The British Library started the annual collection of the UK Web on the 19th of June. Now that we are one month into a process which may continue for several more, we thought we would look at the set-up and what we have found so far.
Setting up a ‘Crawl’
Fundamentally a crawl consists of two elements: ‘seeds’ and ‘scope’. That is, a series of starting points and decisions as to how far from those starting points we permit the crawler to go. In theory, you could crawl the entire UK Web with a broad enough scope and a single seed. However, practically speaking it makes more sense to have as many starting points as possible and tighten the scope, lest the crawler’s behaviour becomes unpredictable.
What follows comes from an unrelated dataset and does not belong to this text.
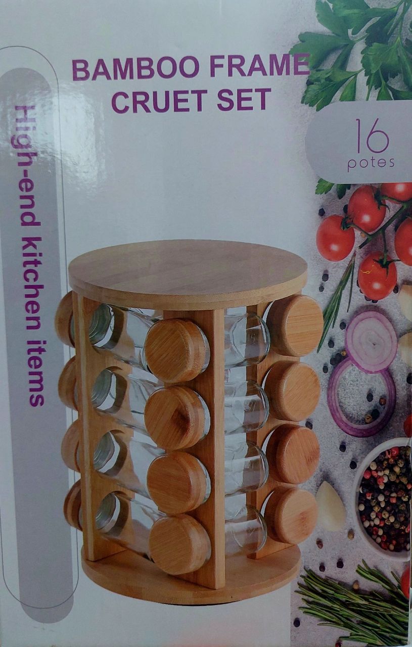 🧂 دارای ۱۶ عدد شیشه ادویه با درب محکم و درزگیر

For this most recent crawl the starting seed list consisted of over 19,000,000 hosts. As it's estimated that there are actually only around 3-4 million active UK websites at this point in time this might seem an absurdly high figure. The discrepancy arises partly due to the difference between what is considered to be a 'website' and a 'domain'—Nominet announced the registration of their 10,000,000th domain in 2012. However, each of those domains may have many subdomains, each serving a different site, which vastly inflates the number.
While attempting to build the seed list for the 2014 domain crawl, we counted the number of subdomains per domain: the most populous had over 700,000.
The scope definition is somewhat simpler: Part 3 of The Legal Deposit Libraries (Non-Print Works) Regulations 2013 largely defines what we consider to be 'in scope'. The trick becomes translating this into automated decisions. For instance, the legislation rules that a work is in scope if "activities relating to the creation or the publication of the work take place within the United Kingdom". As a result, one potentially significant change for this crawl was the addition of a geolocation module. With this included, every URL we visit is tagged with both the IP address and the result of a geolocation lookup to determine which country hosts the resource. We will therefore automatically include UK-hosted .com, .biz, etc. sites for the first time.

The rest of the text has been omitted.